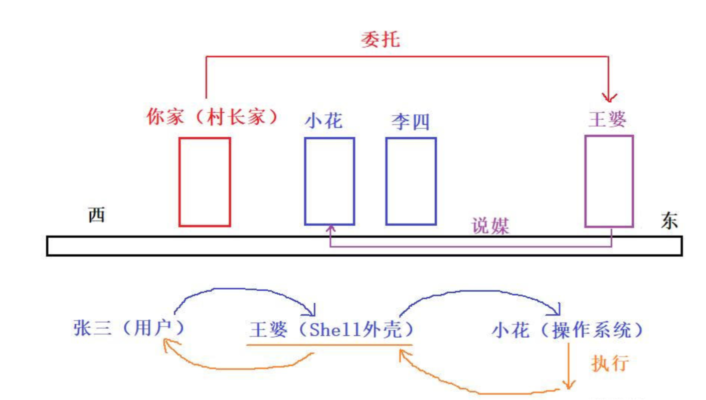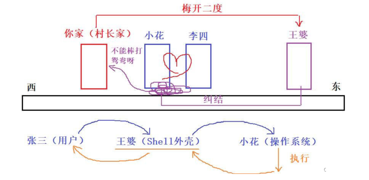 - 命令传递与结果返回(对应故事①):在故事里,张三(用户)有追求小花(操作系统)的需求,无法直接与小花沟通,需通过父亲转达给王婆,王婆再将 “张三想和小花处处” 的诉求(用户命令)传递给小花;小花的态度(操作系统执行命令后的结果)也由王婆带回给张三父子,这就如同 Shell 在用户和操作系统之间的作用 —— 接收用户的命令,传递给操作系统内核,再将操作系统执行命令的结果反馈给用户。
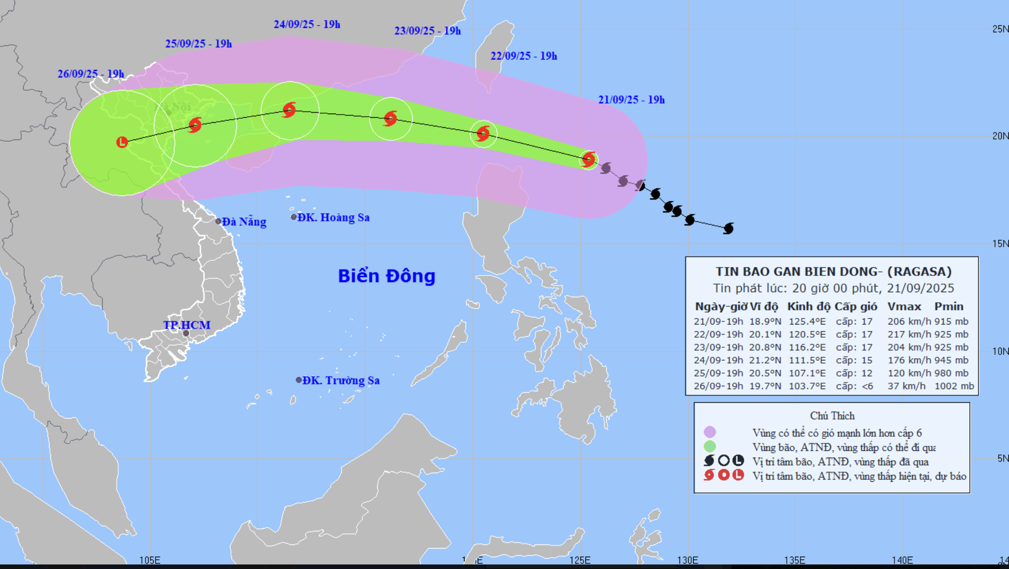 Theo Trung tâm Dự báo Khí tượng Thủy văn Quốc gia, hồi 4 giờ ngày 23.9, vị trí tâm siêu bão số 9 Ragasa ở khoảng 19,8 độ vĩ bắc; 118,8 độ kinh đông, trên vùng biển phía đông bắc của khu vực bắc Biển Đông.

==

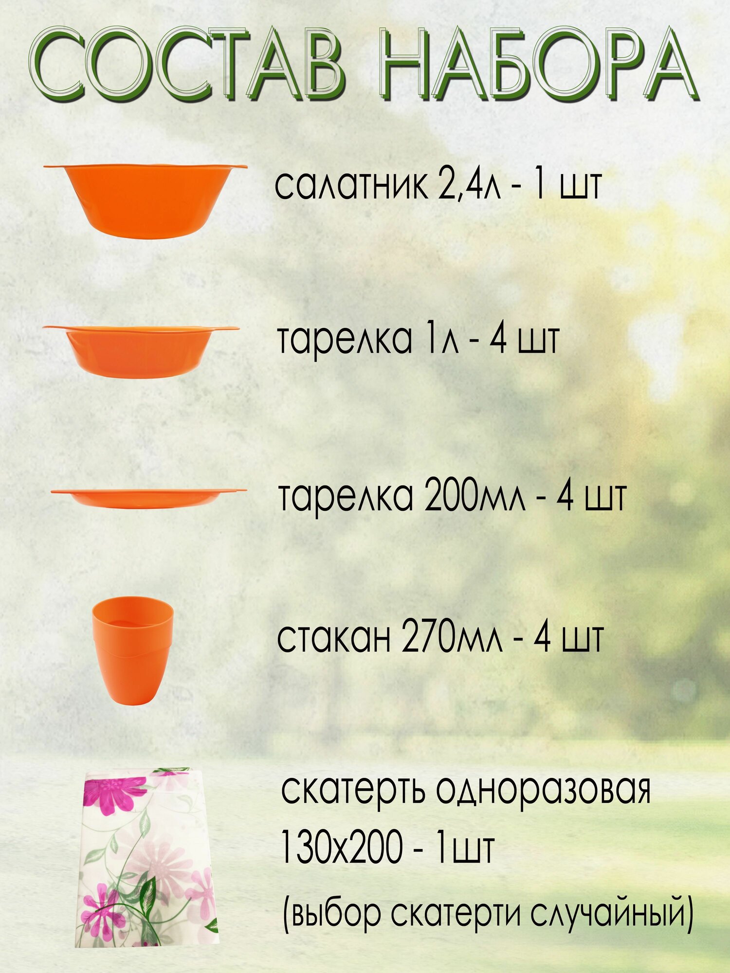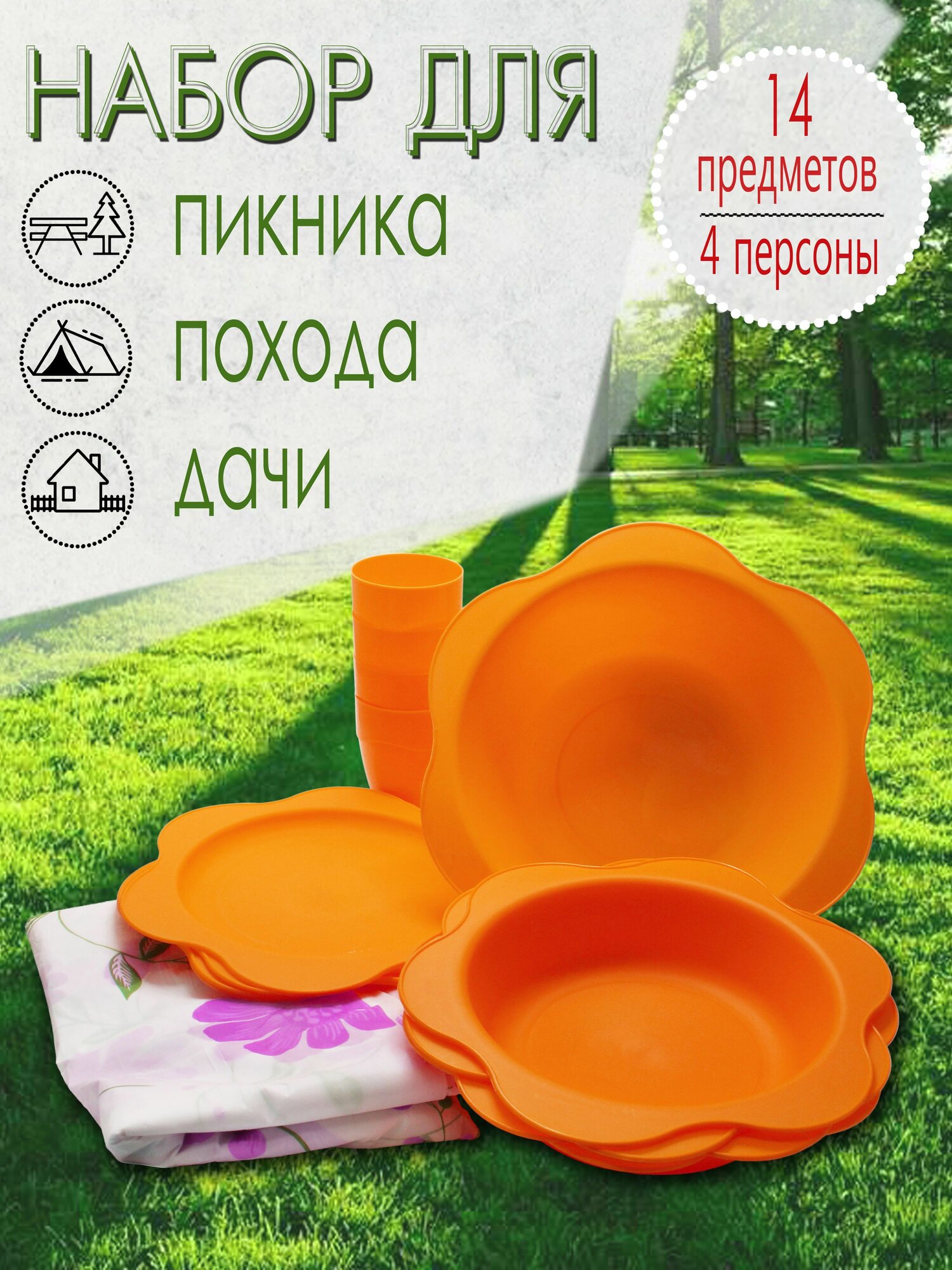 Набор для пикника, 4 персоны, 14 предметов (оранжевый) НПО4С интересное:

* * *

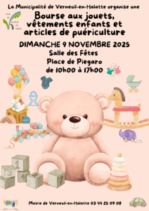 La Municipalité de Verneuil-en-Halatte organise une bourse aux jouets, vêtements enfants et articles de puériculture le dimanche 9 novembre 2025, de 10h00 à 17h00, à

### WORK REQUEST:
Only the lines between the one with "在用户和操作系统之间的作用 —— 接收用户的命令,传递给操作系统内核,再将操作系统执行命令的结果反馈给用户。" and the one with "Theo Trung tâm", those two included, get copied from the material above. Keep it exact and free of pictures.

### OUTPUT OF THE TASK:
 - 命令传递与结果返回(对应故事①):在故事里,张三(用户)有追求小花(操作系统)的需求,无法直接与小花沟通,需通过父亲转达给王婆,王婆再将 “张三想和小花处处” 的诉求(用户命令)传递给小花;小花的态度(操作系统执行命令后的结果)也由王婆带回给张三父子,这就如同 Shell 在用户和操作系统之间的作用 —— 接收用户的命令,传递给操作系统内核,再将操作系统执行命令的结果反馈给用户。
 Theo Trung tâm Dự báo Khí tượng Thủy văn Quốc gia, hồi 4 giờ ngày 23.9, vị trí tâm siêu bão số 9 Ragasa ở khoảng 19,8 độ vĩ bắc; 118,8 độ kinh đông, trên vùng biển phía đông bắc của khu vực bắc Biển Đông.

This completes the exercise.